*Exercise prompt:* The entries are to be written out word for word, with their images left out.

===== Data for this exercise =====

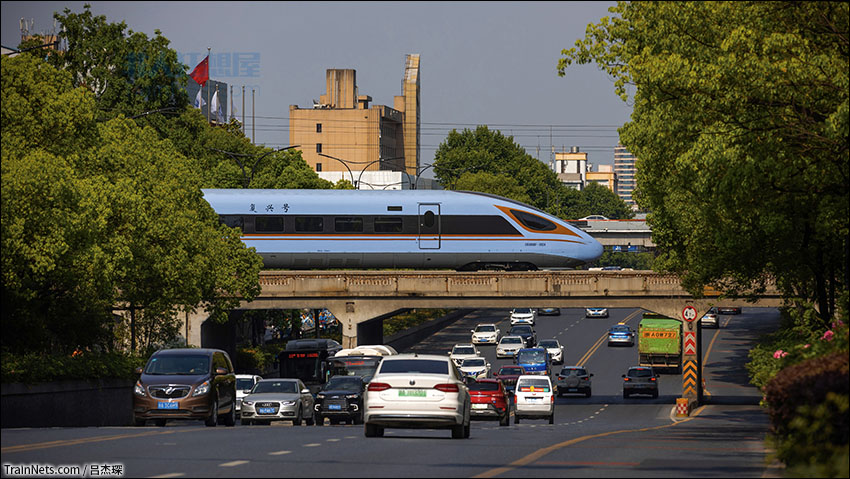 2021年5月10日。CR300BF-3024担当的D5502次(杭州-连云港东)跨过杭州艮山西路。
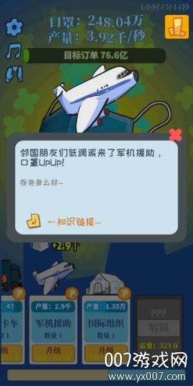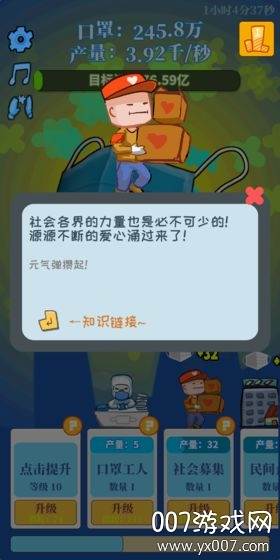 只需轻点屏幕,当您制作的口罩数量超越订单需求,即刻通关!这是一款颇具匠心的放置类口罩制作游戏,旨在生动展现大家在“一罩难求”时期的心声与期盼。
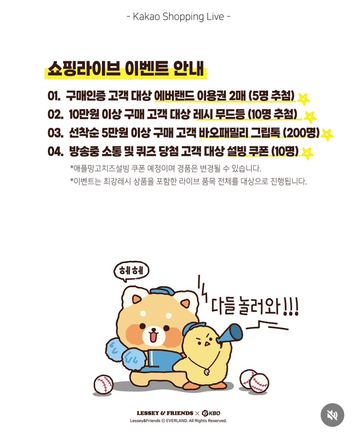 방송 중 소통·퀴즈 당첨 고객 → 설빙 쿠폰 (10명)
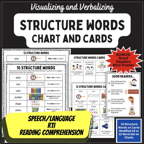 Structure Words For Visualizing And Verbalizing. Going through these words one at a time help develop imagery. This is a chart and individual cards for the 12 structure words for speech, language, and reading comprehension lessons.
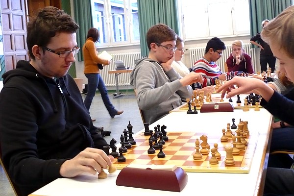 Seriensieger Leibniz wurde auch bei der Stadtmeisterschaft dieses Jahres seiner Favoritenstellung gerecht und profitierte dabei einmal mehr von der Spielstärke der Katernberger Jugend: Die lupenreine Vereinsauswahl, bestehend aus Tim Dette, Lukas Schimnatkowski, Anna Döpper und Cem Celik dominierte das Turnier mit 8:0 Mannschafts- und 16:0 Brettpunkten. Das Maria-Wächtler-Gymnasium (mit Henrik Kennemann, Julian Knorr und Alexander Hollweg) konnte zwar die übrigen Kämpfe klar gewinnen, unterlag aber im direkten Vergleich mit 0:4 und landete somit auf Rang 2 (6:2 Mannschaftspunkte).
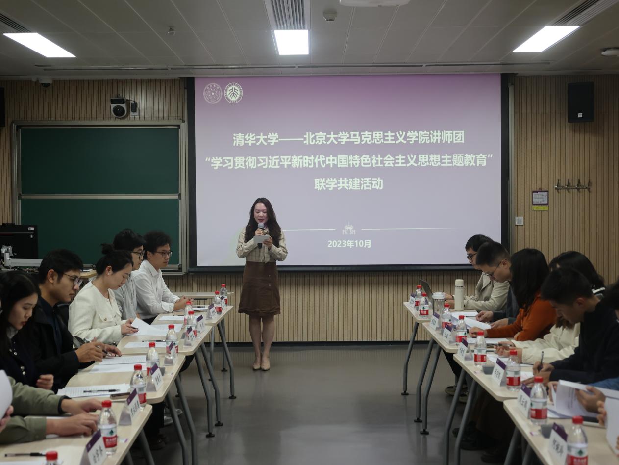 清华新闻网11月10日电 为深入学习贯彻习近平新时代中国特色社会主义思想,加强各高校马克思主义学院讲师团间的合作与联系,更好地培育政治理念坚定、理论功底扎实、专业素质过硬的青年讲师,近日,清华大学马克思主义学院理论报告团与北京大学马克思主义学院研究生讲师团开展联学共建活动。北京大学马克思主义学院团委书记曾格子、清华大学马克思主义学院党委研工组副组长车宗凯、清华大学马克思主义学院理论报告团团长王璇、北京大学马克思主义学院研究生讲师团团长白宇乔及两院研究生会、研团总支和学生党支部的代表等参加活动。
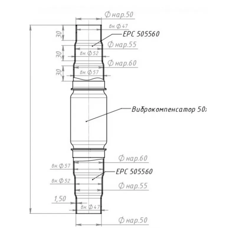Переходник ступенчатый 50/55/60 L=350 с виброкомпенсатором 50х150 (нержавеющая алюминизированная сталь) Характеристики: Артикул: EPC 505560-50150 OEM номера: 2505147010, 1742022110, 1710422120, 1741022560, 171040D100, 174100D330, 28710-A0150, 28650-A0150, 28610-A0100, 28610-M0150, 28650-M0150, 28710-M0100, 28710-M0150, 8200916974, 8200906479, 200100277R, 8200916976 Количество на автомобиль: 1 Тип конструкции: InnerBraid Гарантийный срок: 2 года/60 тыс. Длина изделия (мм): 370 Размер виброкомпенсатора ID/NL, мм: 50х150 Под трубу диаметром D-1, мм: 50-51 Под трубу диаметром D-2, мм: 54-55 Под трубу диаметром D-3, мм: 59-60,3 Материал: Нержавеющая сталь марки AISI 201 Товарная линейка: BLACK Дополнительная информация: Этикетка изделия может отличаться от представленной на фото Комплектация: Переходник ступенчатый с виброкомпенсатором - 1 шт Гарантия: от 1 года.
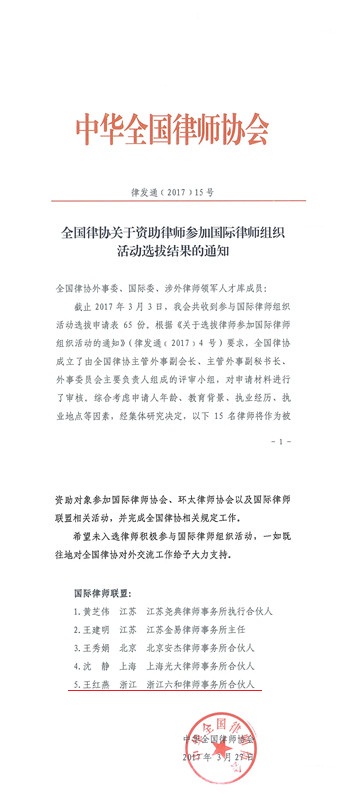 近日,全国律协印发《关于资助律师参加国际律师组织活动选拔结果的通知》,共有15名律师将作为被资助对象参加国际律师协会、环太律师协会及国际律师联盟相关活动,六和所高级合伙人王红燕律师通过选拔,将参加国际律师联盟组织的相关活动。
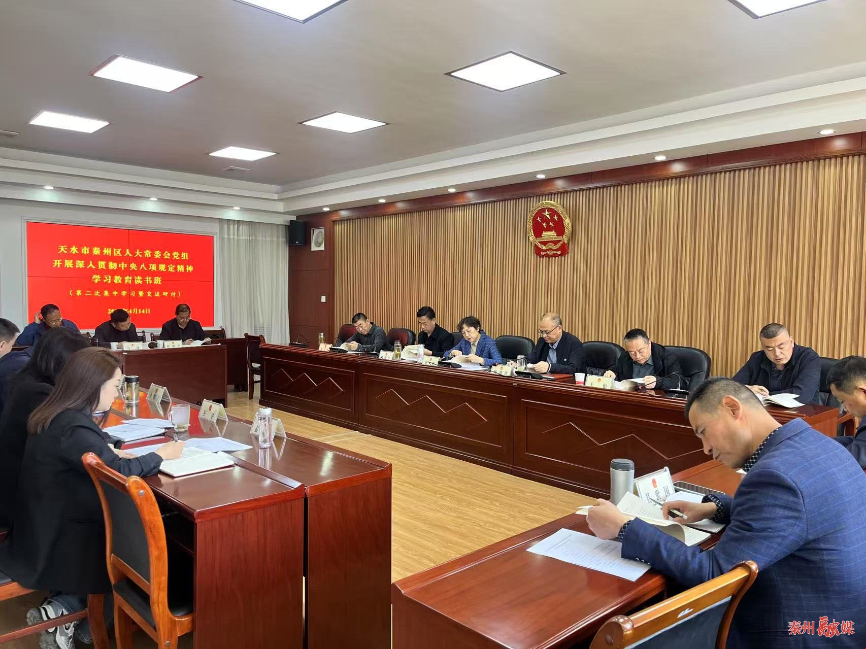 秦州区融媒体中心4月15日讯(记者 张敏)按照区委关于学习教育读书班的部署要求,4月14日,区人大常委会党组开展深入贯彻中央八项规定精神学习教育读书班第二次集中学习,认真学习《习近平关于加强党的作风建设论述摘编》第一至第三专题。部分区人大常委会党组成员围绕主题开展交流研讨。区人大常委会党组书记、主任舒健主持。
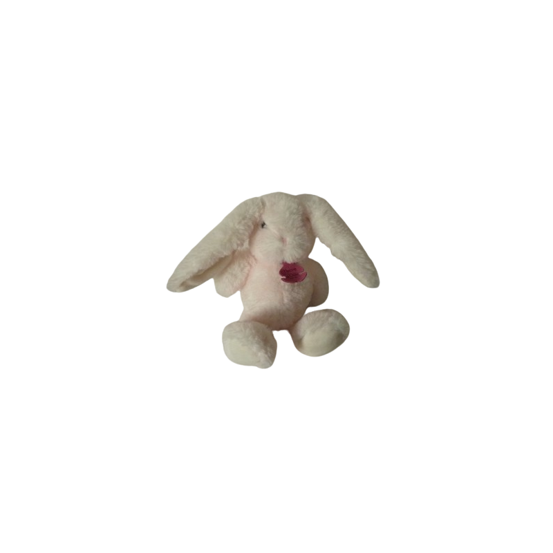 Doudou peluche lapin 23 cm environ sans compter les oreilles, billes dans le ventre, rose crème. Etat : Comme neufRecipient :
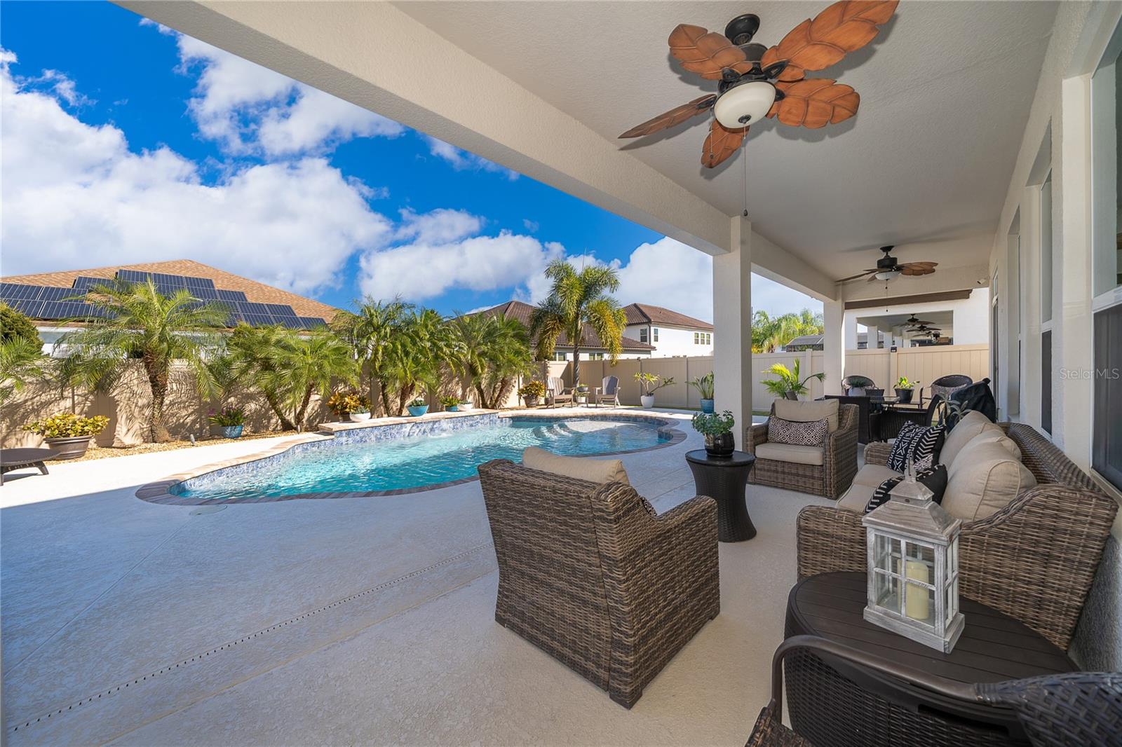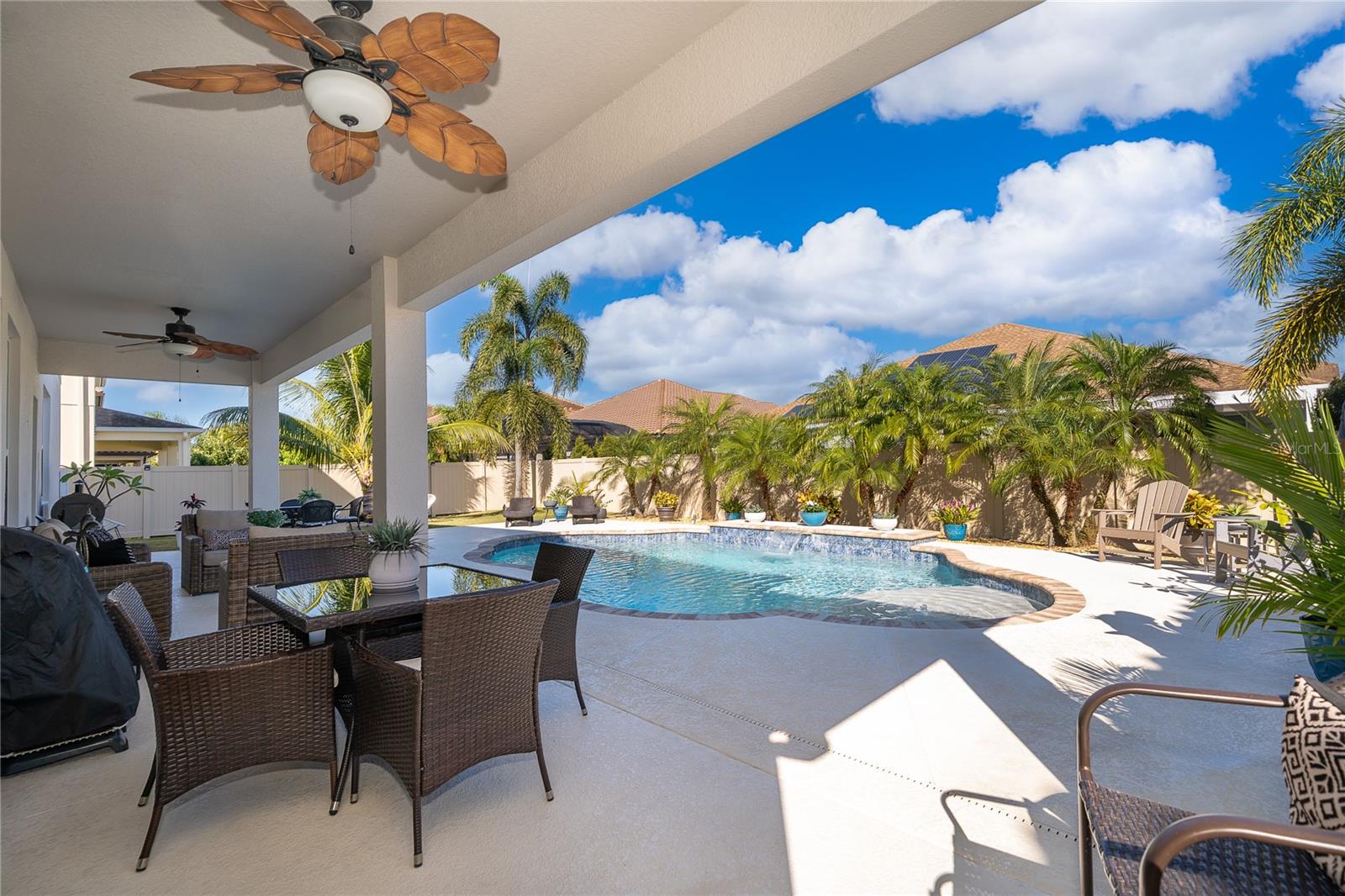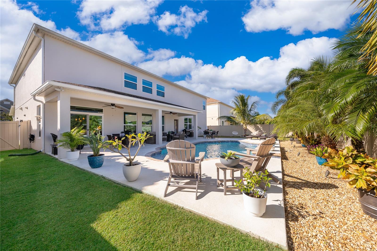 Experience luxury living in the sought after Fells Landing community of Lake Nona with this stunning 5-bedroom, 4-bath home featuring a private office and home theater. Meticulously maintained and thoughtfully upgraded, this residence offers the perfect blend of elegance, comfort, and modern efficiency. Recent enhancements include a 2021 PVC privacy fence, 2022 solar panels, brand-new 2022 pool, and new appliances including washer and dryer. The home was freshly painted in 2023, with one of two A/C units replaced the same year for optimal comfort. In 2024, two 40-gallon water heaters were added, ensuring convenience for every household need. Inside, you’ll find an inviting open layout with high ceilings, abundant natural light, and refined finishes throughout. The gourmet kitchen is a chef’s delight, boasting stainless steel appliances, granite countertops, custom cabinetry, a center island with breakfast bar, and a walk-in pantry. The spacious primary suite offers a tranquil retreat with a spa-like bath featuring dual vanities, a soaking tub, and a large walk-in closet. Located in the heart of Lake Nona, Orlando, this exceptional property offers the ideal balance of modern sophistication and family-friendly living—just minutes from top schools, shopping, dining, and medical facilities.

=====

*Problem solution:*
 2021年5月10日。CR300BF-3024担当的D5502次(杭州-连云港东)跨过杭州艮山西路。
 只需轻点屏幕,当您制作的口罩数量超越订单需求,即刻通关!这是一款颇具匠心的放置类口罩制作游戏,旨在生动展现大家在“一罩难求”时期的心声与期盼。
 방송 중 소통·퀴즈 당첨 고객 → 설빙 쿠폰 (10명)
 Structure Words For Visualizing And Verbalizing. Going through these words one at a time help develop imagery. This is a chart and individual cards for the 12 structure words for speech, language, and reading comprehension lessons.
 Seriensieger Leibniz wurde auch bei der Stadtmeisterschaft dieses Jahres seiner Favoritenstellung gerecht und profitierte dabei einmal mehr von der Spielstärke der Katernberger Jugend: Die lupenreine Vereinsauswahl, bestehend aus Tim Dette, Lukas Schimnatkowski, Anna Döpper und Cem Celik dominierte das Turnier mit 8:0 Mannschafts- und 16:0 Brettpunkten. Das Maria-Wächtler-Gymnasium (mit Henrik Kennemann, Julian Knorr und Alexander Hollweg) konnte zwar die übrigen Kämpfe klar gewinnen, unterlag aber im direkten Vergleich mit 0:4 und landete somit auf Rang 2 (6:2 Mannschaftspunkte).
 清华新闻网11月10日电 为深入学习贯彻习近平新时代中国特色社会主义思想,加强各高校马克思主义学院讲师团间的合作与联系,更好地培育政治理念坚定、理论功底扎实、专业素质过硬的青年讲师,近日,清华大学马克思主义学院理论报告团与北京大学马克思主义学院研究生讲师团开展联学共建活动。北京大学马克思主义学院团委书记曾格子、清华大学马克思主义学院党委研工组副组长车宗凯、清华大学马克思主义学院理论报告团团长王璇、北京大学马克思主义学院研究生讲师团团长白宇乔及两院研究生会、研团总支和学生党支部的代表等参加活动。
Переходник ступенчатый 50/55/60 L=350 с виброкомпенсатором 50х150 (нержавеющая алюминизированная сталь) Характеристики: Артикул: EPC 505560-50150 OEM номера: 2505147010, 1742022110, 1710422120, 1741022560, 171040D100, 174100D330, 28710-A0150, 28650-A0150, 28610-A0100, 28610-M0150, 28650-M0150, 28710-M0100, 28710-M0150, 8200916974, 8200906479, 200100277R, 8200916976 Количество на автомобиль: 1 Тип конструкции: InnerBraid Гарантийный срок: 2 года/60 тыс. Длина изделия (мм): 370 Размер виброкомпенсатора ID/NL, мм: 50х150 Под трубу диаметром D-1, мм: 50-51 Под трубу диаметром D-2, мм: 54-55 Под трубу диаметром D-3, мм: 59-60,3 Материал: Нержавеющая сталь марки AISI 201 Товарная линейка: BLACK Дополнительная информация: Этикетка изделия может отличаться от представленной на фото Комплектация: Переходник ступенчатый с виброкомпенсатором - 1 шт Гарантия: от 1 года.
 近日,全国律协印发《关于资助律师参加国际律师组织活动选拔结果的通知》,共有15名律师将作为被资助对象参加国际律师协会、环太律师协会及国际律师联盟相关活动,六和所高级合伙人王红燕律师通过选拔,将参加国际律师联盟组织的相关活动。
 秦州区融媒体中心4月15日讯(记者 张敏)按照区委关于学习教育读书班的部署要求,4月14日,区人大常委会党组开展深入贯彻中央八项规定精神学习教育读书班第二次集中学习,认真学习《习近平关于加强党的作风建设论述摘编》第一至第三专题。部分区人大常委会党组成员围绕主题开展交流研讨。区人大常委会党组书记、主任舒健主持。
 Doudou peluche lapin 23 cm environ sans compter les oreilles, billes dans le ventre, rose crème. Etat : Comme neufRecipient :
 Experience luxury living in the sought after Fells Landing community of Lake Nona with this stunning 5-bedroom, 4-bath home featuring a private office and home theater. Meticulously maintained and thoughtfully upgraded, this residence offers the perfect blend of elegance, comfort, and modern efficiency. Recent enhancements include a 2021 PVC privacy fence, 2022 solar panels, brand-new 2022 pool, and new appliances including washer and dryer. The home was freshly painted in 2023, with one of two A/C units replaced the same year for optimal comfort. In 2024, two 40-gallon water heaters were added, ensuring convenience for every household need. Inside, you’ll find an inviting open layout with high ceilings, abundant natural light, and refined finishes throughout. The gourmet kitchen is a chef’s delight, boasting stainless steel appliances, granite countertops, custom cabinetry, a center island with breakfast bar, and a walk-in pantry. The spacious primary suite offers a tranquil retreat with a spa-like bath featuring dual vanities, a soaking tub, and a large walk-in closet. Located in the heart of Lake Nona, Orlando, this exceptional property offers the ideal balance of modern sophistication and family-friendly living—just minutes from top schools, shopping, dining, and medical facilities.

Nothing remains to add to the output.